EFForg / badger-sett

Automated training for Privacy Badger. Badger Sett automates browsers to visit websites to produce fresh Privacy Badger tracker data.
https://www.eff.org/badger-pretraining
MIT License
121 stars 15 forks source link

Badger Sett

A sett or set is a badger's den which usually consists of a network of tunnels and numerous entrances. Setts incorporate larger chambers used for sleeping or rearing young.

This script is designed to raise young Privacy Badgers by teaching them about the trackers on popular sites. Every day, crawler.py visits thousands of the top sites from the Tranco List with the latest version of Privacy Badger, and saves its findings in results.json.

See the following EFF.org blog post for more information: Giving Privacy Badger a Jump Start.

Development setup

  1. Install Python 3.8+

  2. Create and activate a Python virtual environment:

    python3 -m venv venv
    source ./venv/bin/activate
    pip install -U pip

    For more, read this blog post.

  3. Install Python dependencies with pip install -r requirements.txt

  4. Run static analysis with prospector

  5. Run unit tests with pytest

  6. Take a look at Badger Sett commandline flags with ./crawler.py --help

  7. Git clone the Privacy Badger repository somewhere

  8. Try running a tiny scan:

    ./crawler.py firefox 5 --no-xvfb --log-stdout --pb-dir /path/to/privacybadger

Production setup with Docker

Docker takes care of all dependencies, including setting up the latest browser version.

However, Docker brings its own complexity. Problems from improper file ownership and permissions are a particular pain point.

  1. Prerequisites: have Docker installed. Make sure your user is part of the docker group so that you can build and run docker images without sudo. You can add yourself to the group with

    $ sudo usermod -aG docker $USER
  2. Clone the repository

    $ git clone https://github.com/efforg/badger-sett
  3. Run a scan

    $ BROWSER=firefox ./runscan.sh 500

    This will scan the top 500 sites on the Tranco list in Chrome with the latest version of Privacy Badger's master branch.

    To run the script with a different branch of Privacy Badger, set the PB_BRANCH variable. e.g.

    $ PB_BRANCH=my-feature-branch BROWSER=firefox ./runscan.sh 500

    You can also pass arguments to crawler.py, the Python script that does the actual crawl. Any arguments passed to runscan.sh will be forwarded to crawler.py. For example, to exclude all websites ending with .gov and .mil from your website visit list:

    $ BROWSER=edge ./runscan.sh 500 --exclude .gov,.mil
  4. Monitor the scan

    To have the scan print verbose output about which sites it's visiting, use the --log-stdout argument.
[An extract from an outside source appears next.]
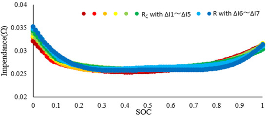 In order to find out the relationship between the dynamic impedance and battery operating current, a set of experiments with different currents at discharge is designed, as shown in Table 1, and the details of the impedance test are shown in Section 3.1. The battery changes from one discharging current to another current. The voltage and current are recorded before and after the transition. Then the impedance is calculated using Equation (2). There are four kinds of current considered, namely I1 to I4. The discharge rate of the current is 1C, 2C, 3C, and 4C, respectively (i.e., is 1C, is 2C, is 3C and is 4C). Seven test cases are carried out and can be divided into three groups, which are able to display the relationship between different dynamic impedance and static impedance. In Table 1, the group 1–3 represent the same initial current, same of the end current, and static impedance test which sets the end current to zero, respectively.

    If you don't use that argument, all output will still be logged to docker-out/log.txt, beginning after the script outputs "Running scan in Docker..."

Automatic scanning

To set up the script to run periodically and automatically update the repository with its results:

  1. Create a new ssh key with ssh-keygen. Give it a name unique to the repository.

    $ ssh-keygen
    Generating public/private rsa key pair.
    Enter file in which to save the key (/home/USER/.ssh/id_rsa): /home/USER/.ssh/id_rsa_badger_sett
  2. Add the new key as a deploy key with R/W access to the repo on Github. https://developer.github.com/v3/guides/managing-deploy-keys/

  3. Add a SSH host alias for Github that uses the new key pair. Create or open ~/.ssh/config and add the following:

    Host github-badger-sett
     HostName github.com
     User git
     IdentityFile /home/USER/.ssh/id_rsa_badger_sett
  4. Configure git to connect to the remote over SSH. Edit .git/config:

    [remote "origin"]
     url = ssh://git@github-badger-sett:/efforg/badger-sett

    This will have git connect to the remote using the new SSH keys by default.
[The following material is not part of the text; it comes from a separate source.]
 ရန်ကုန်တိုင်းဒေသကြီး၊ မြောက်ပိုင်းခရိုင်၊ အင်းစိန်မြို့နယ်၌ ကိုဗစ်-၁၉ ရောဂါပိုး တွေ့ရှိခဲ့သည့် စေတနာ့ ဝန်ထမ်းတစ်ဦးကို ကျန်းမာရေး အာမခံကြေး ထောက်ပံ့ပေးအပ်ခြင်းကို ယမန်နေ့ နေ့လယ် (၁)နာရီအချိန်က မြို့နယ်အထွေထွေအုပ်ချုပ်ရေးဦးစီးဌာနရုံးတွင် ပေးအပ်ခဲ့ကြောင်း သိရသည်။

  5. Create a cron job to call runscan.sh once a day. Set the environment variable RUN_BY_CRON=1 to turn off TTY forwarding to docker run (which would break the script in cron), and set GIT_PUSH=1 to have the script automatically commit and push results.json when the scan finishes. Here's an example crontab entry:

    0 0 * * *  RUN_BY_CRON=1 GIT_PUSH=1 BROWSER=chrome /home/USER/badger-sett/runscan.sh 6000 --exclude=.mil,.mil.??,.gov,.gov.??,.edu,.edu.??
  6. If everything has been set up correctly, the script should push a new version of results.json after each scan.